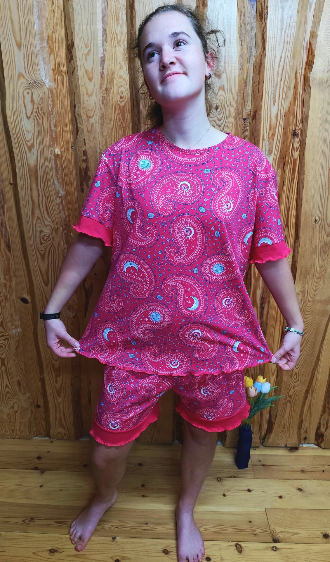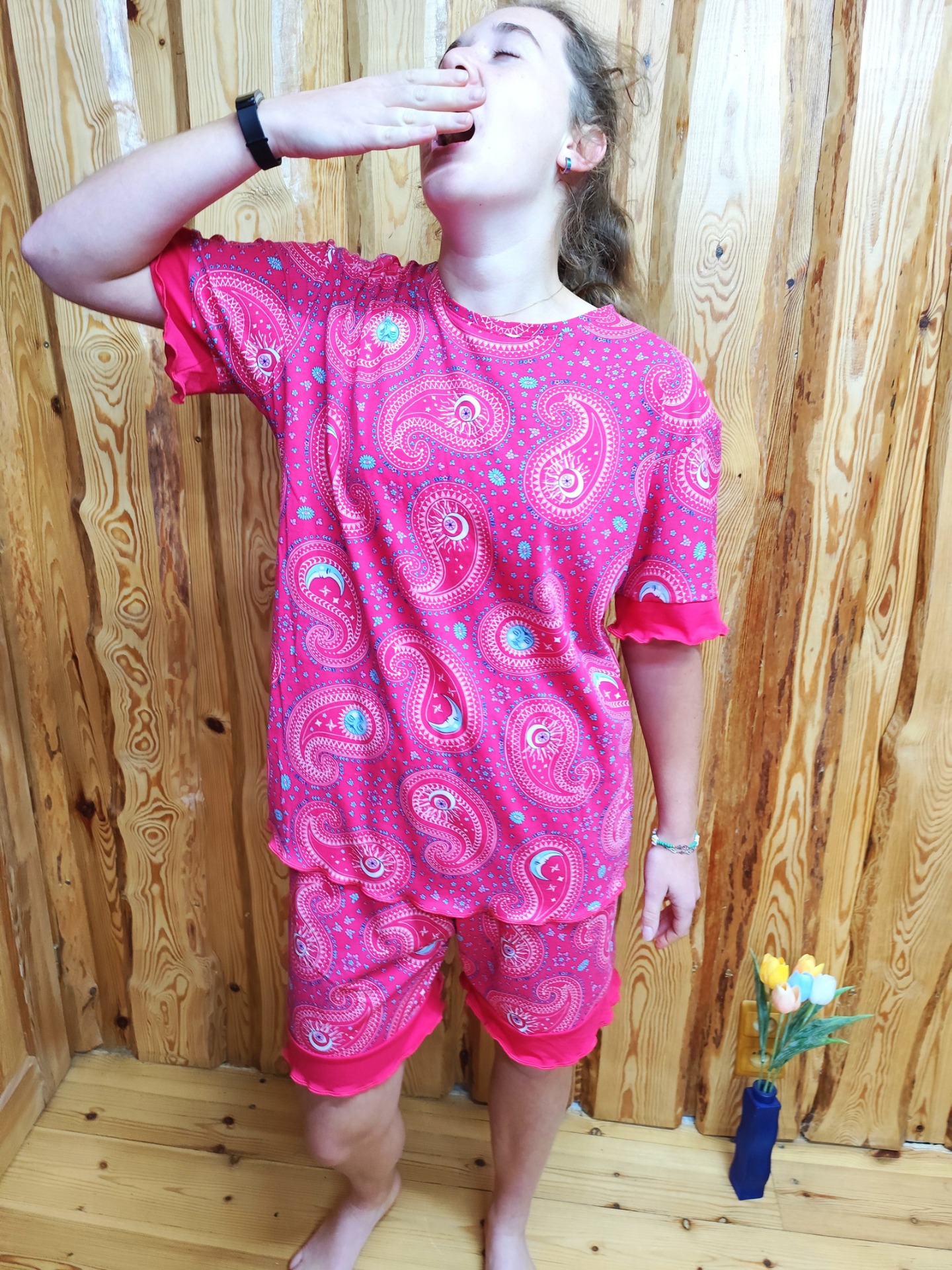 Rukávy a nohavičky lemované jednobarevnou růžovou, guma v pase nastavitelná.
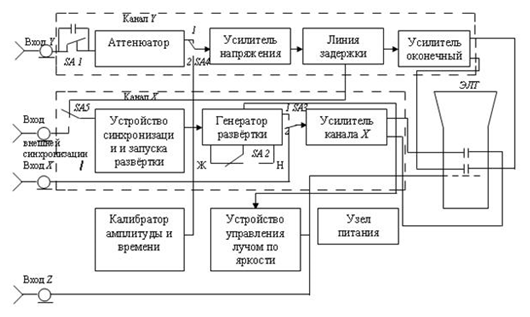 Независимо от типа осциллографа в его структуре выделяют следующие основные узлы:
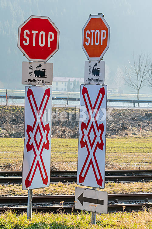 Beschreibung Stopschilder Bahnübergang Pfeifsignal, Symbol für Schienenverkehr, Gefahr, Sicherheit
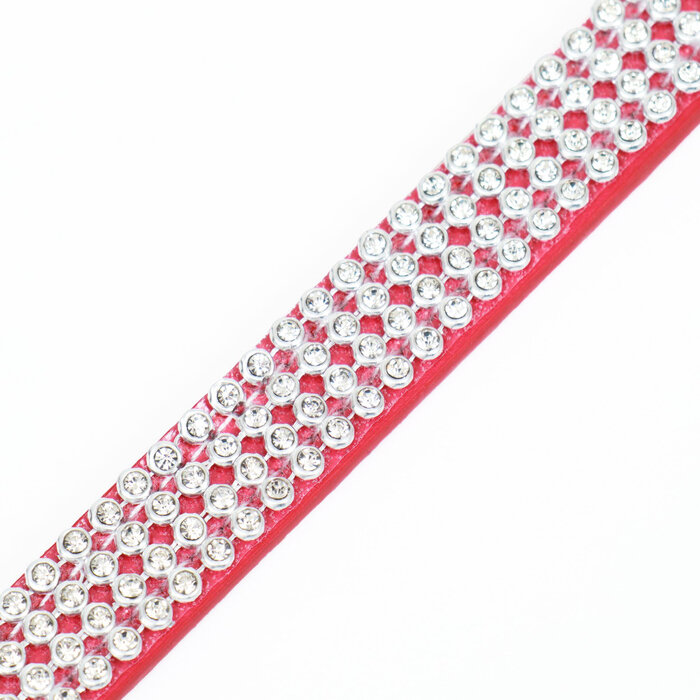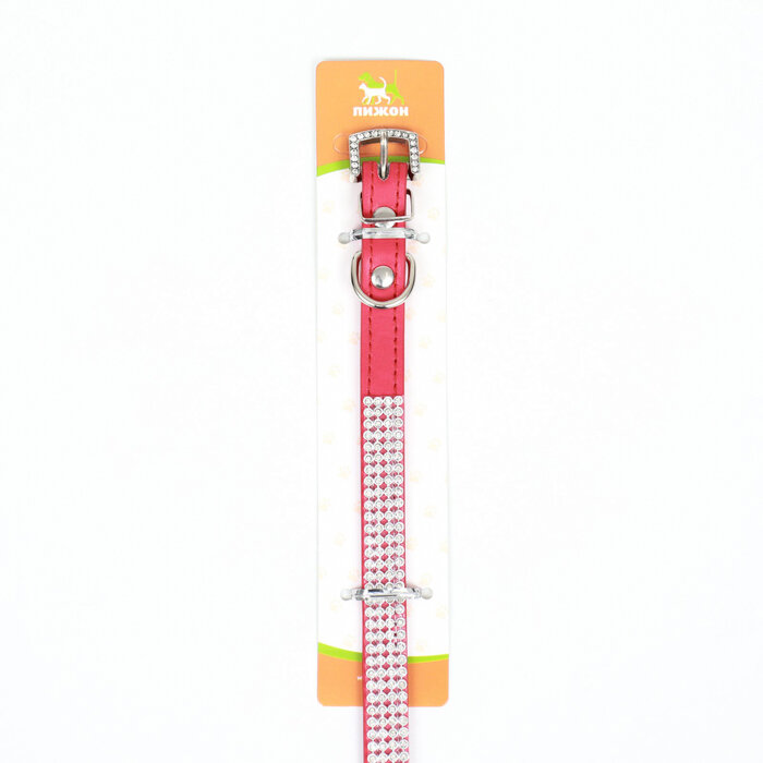 Ошейник со стразами для собак в 4 ряда и стразы на пряжке, 40 х 1,5 см, розовый 1039619
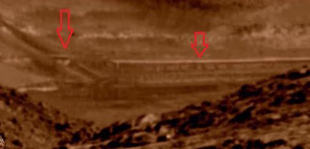 无独有偶,专家在下面这张从火星拍摄的照片中也发现了一些端倪。这张照片中很明显的一段横向建筑,如此笔直的建筑自然形成的几率很小很小。这与之前一些报道说在火星上看到人体雕塑有所不同,因为那些雕塑很可能是由于视觉偏差而导致的,而这种大型的建筑就很难说是视觉导致的了,因此这些建筑是人为修建出来的可能性很大。

+-------+

● Task prompt: Your answer should set down the listing verbatim and leave out its images.

● Exercise solution:
 Rukávy a nohavičky lemované jednobarevnou růžovou, guma v pase nastavitelná.
 Независимо от типа осциллографа в его структуре выделяют следующие основные узлы:
 Beschreibung Stopschilder Bahnübergang Pfeifsignal, Symbol für Schienenverkehr, Gefahr, Sicherheit
 Ошейник со стразами для собак в 4 ряда и стразы на пряжке, 40 х 1,5 см, розовый 1039619
 无独有偶,专家在下面这张从火星拍摄的照片中也发现了一些端倪。这张照片中很明显的一段横向建筑,如此笔直的建筑自然形成的几率很小很小。这与之前一些报道说在火星上看到人体雕塑有所不同,因为那些雕塑很可能是由于视觉偏差而导致的,而这种大型的建筑就很难说是视觉导致的了,因此这些建筑是人为修建出来的可能性很大。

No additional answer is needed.